• **PROMPT**
Your task is to restate word for word the lines in the material below, from the one with "We lunched in" up to and including the one with "图表3:新能源项目在机制电价结算机制下的电价收益对比". Do not carry over the pictures.
START MATERIAL FOR THE TASK
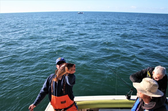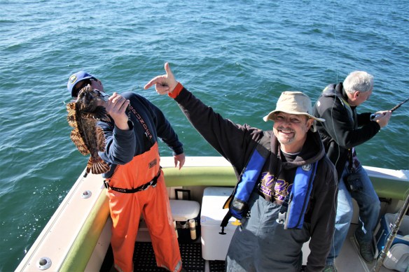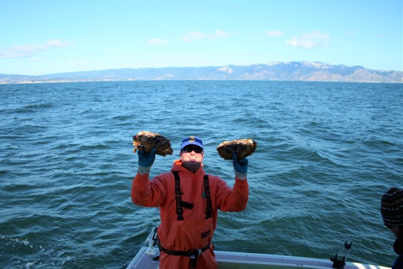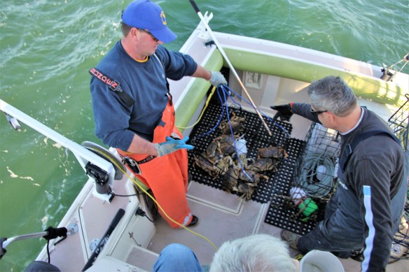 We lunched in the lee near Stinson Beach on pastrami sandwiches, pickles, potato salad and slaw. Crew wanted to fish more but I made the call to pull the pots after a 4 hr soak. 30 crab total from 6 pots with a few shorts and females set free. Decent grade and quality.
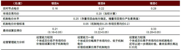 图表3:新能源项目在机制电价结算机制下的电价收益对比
END MATERIAL FOR THE TASK
START MATERIAL FOR THE TASK
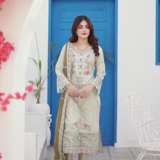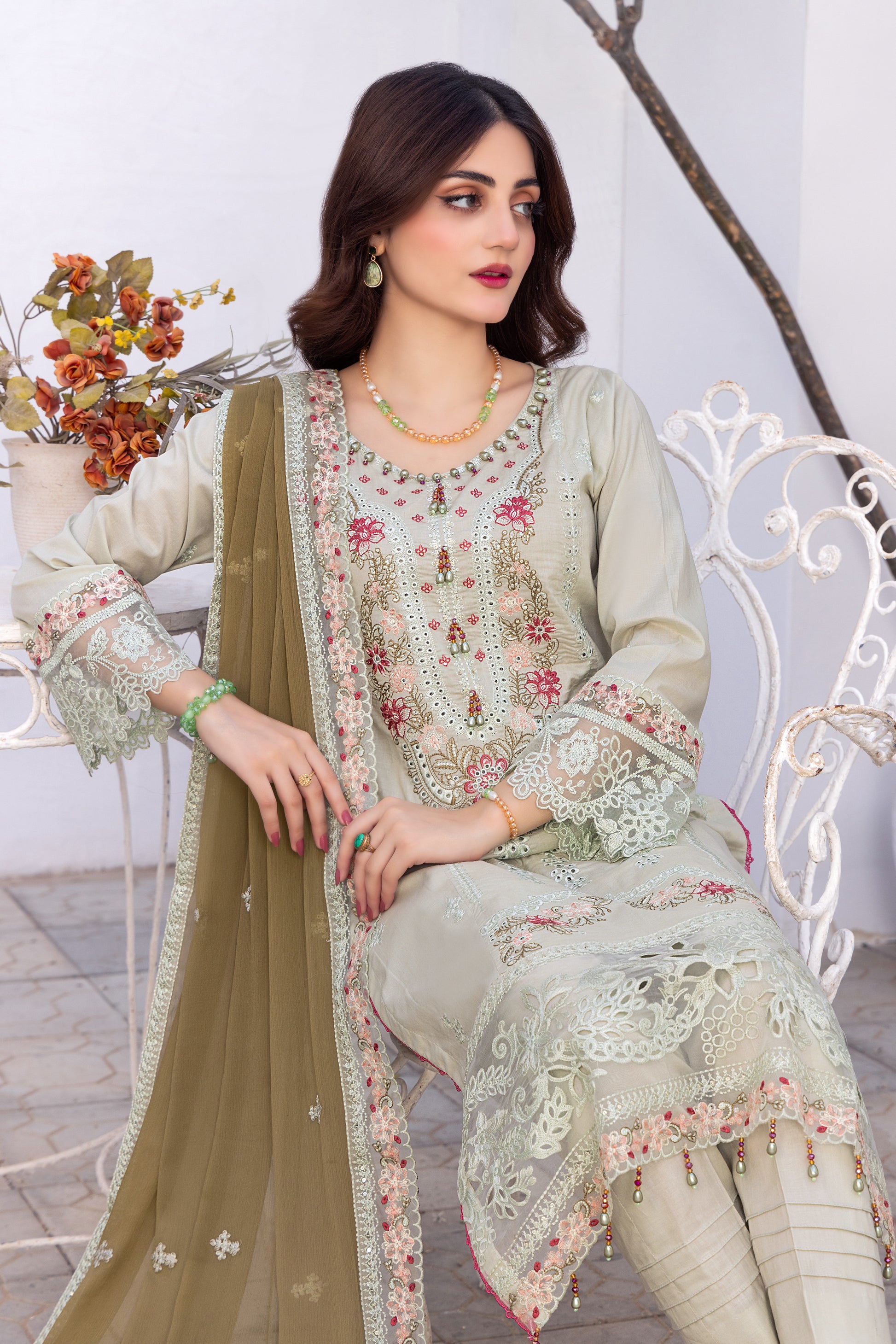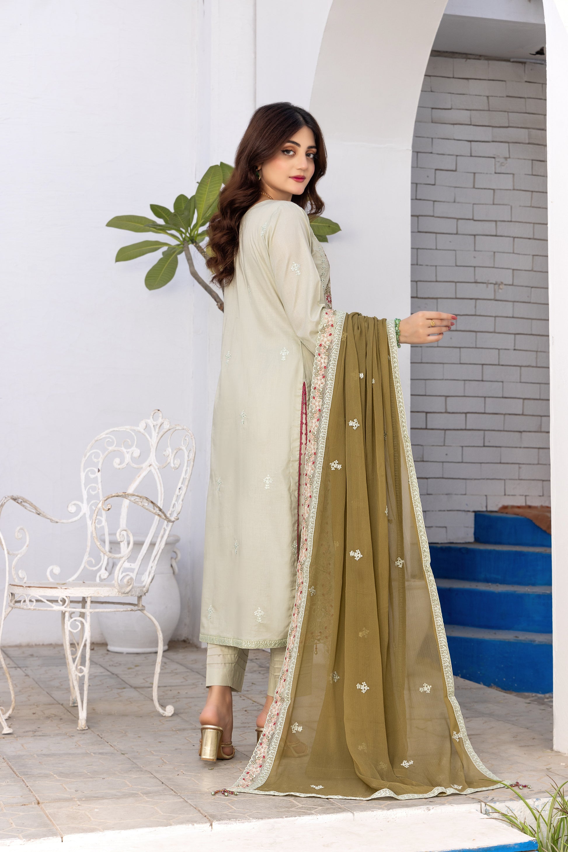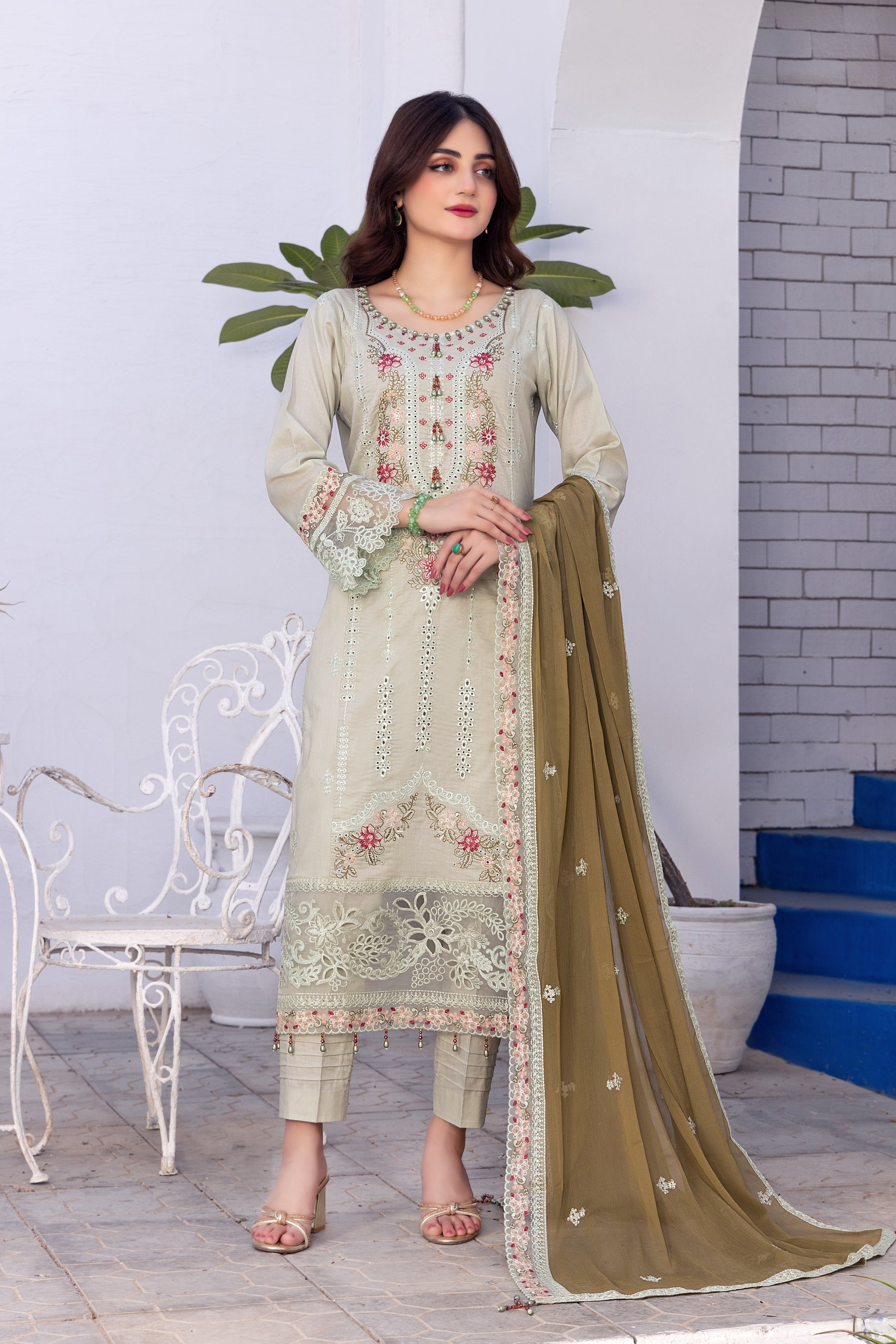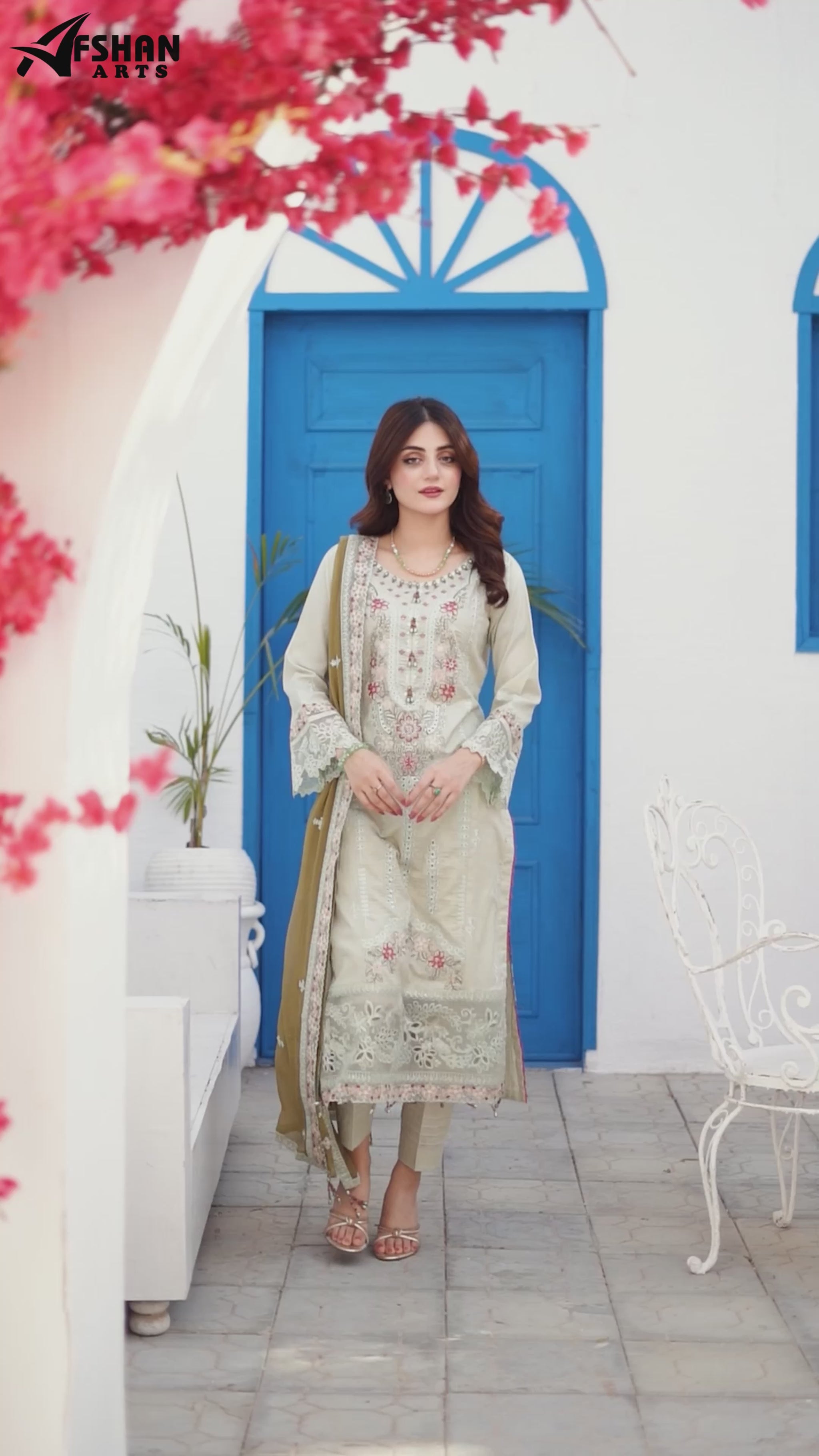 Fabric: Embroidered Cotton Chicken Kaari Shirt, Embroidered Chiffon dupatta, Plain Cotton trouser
END MATERIAL FOR THE TASK
START MATERIAL FOR THE TASK
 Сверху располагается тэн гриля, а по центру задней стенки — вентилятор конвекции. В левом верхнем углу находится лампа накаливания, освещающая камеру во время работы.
END MATERIAL FOR THE TASK
• **SOLVED PROBLEM**
 We lunched in the lee near Stinson Beach on pastrami sandwiches, pickles, potato salad and slaw. Crew wanted to fish more but I made the call to pull the pots after a 4 hr soak. 30 crab total from 6 pots with a few shorts and females set free. Decent grade and quality.
 图表3:新能源项目在机制电价结算机制下的电价收益对比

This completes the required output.